■ Task details:
Retype the data exactly, from its first line to the line containing "- The main components", including both, and skip any picture.

■ Record excerpts:
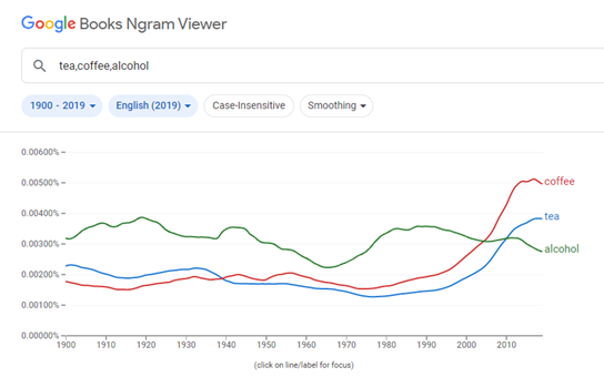 4. 구글 Ngram을 이용하여 tea, coffee, alcohol 비교
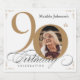 White Gold 90th Birthday Calligraphy Custom Photo Sparkling Wine Label
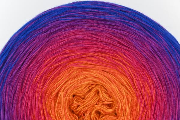 Es wechselt immer 1 Faden die Farbe. Bei diesem Farbübergang werden die Fäden miteinander verknotet. Die Knoten sind so klein, dass du sie problemlos mit einhäkeln/einstricken kannst.
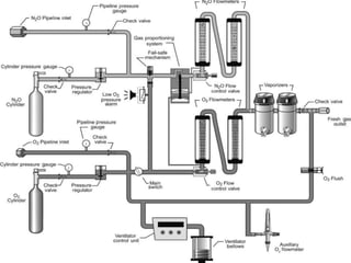 - The main components including gas cylinders, pressure regulators, flowmeters, vaporizers, breathing systems, and absorber canisters.
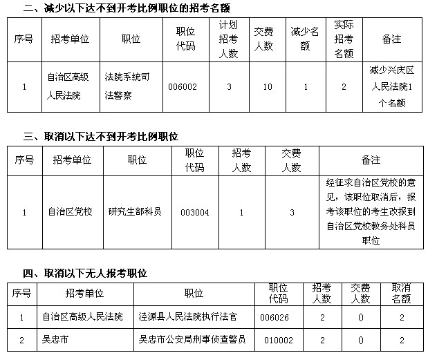 2014年全區考試錄用公務員(參公單位工作人員)報名結束后,有部分職位無人報考或未達到筆試開考比例。根據招考公告,經研究,現就有關事項公告如下:
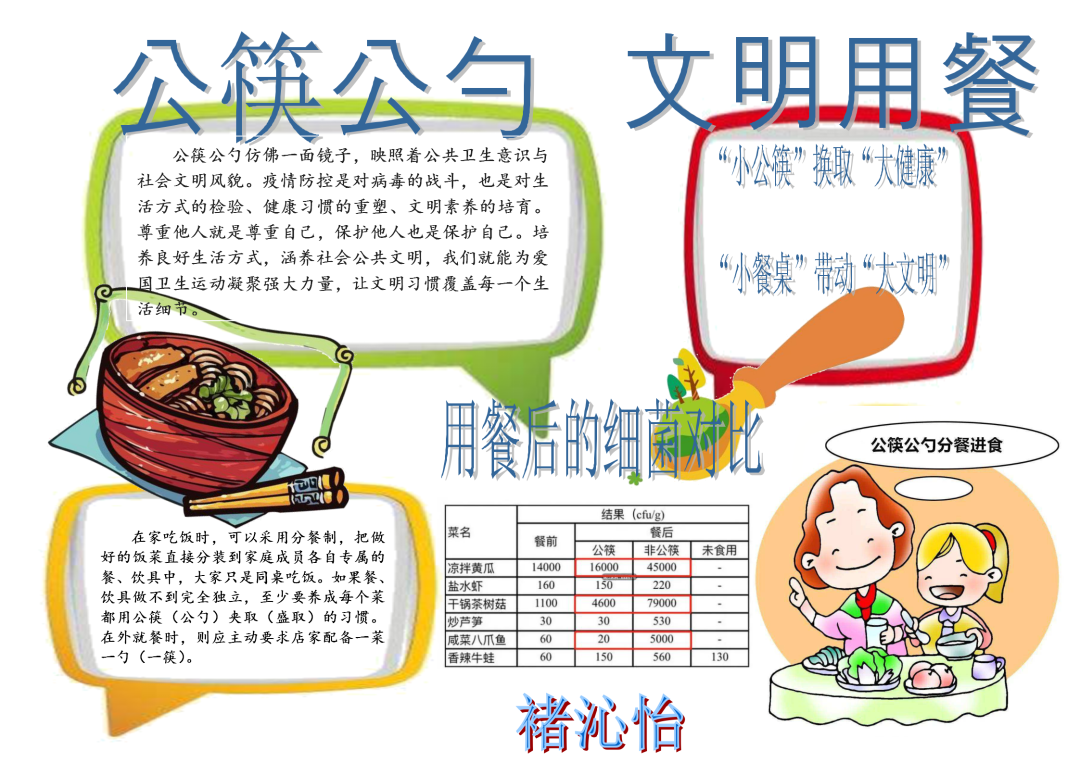 华丰社区的褚沁怡小朋友电脑制作“公勺公筷 文明用餐”公益小报
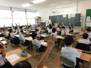 午後からくまもと障害者労働センターの倉田哲也さんをお招きして、4~6年生に人権教育の講演会を行いました。倉田さんの生い立ちや願いを聞き、自分や周りの人を大切にする心についてしっかり学んでいました。
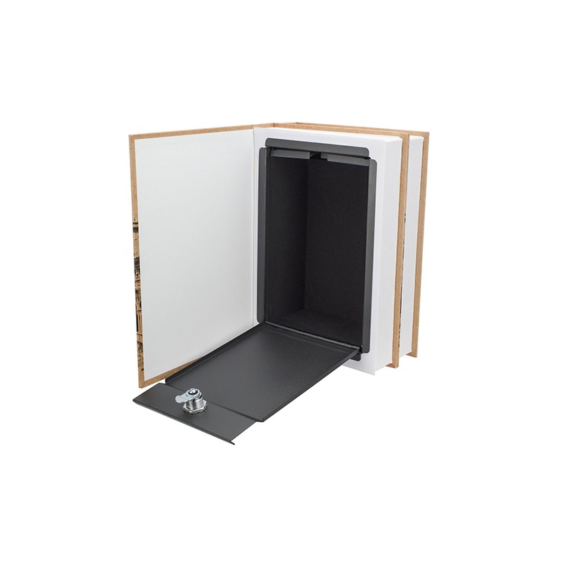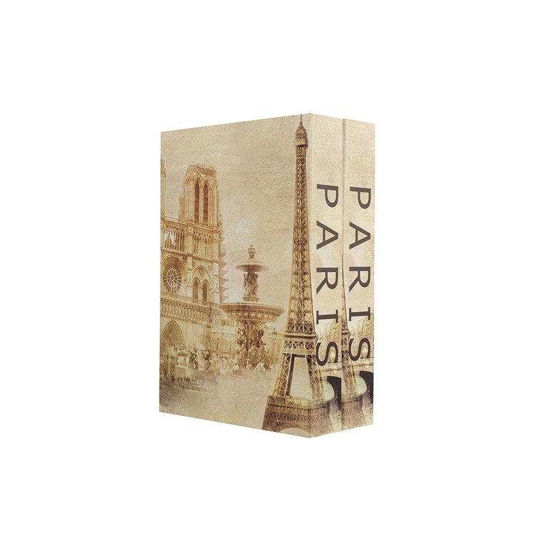 The Paris and Paris Dual Book Lock Box with Key Lock by Barska features a solid steel construction. The exterior is disguised to appear as two books stacked together but open the cover to reveal a strong compact steel safe. Blends seamlessly in plain sight on a book shelf. Includes set of keys. Discretely store cash, passports, jewelry and valuables.

■ Task answer:
 4. 구글 Ngram을 이용하여 tea, coffee, alcohol 비교
 White Gold 90th Birthday Calligraphy Custom Photo Sparkling Wine Label
 Es wechselt immer 1 Faden die Farbe. Bei diesem Farbübergang werden die Fäden miteinander verknotet. Die Knoten sind so klein, dass du sie problemlos mit einhäkeln/einstricken kannst.
 - The main components including gas cylinders, pressure regulators, flowmeters, vaporizers, breathing systems, and absorber canisters.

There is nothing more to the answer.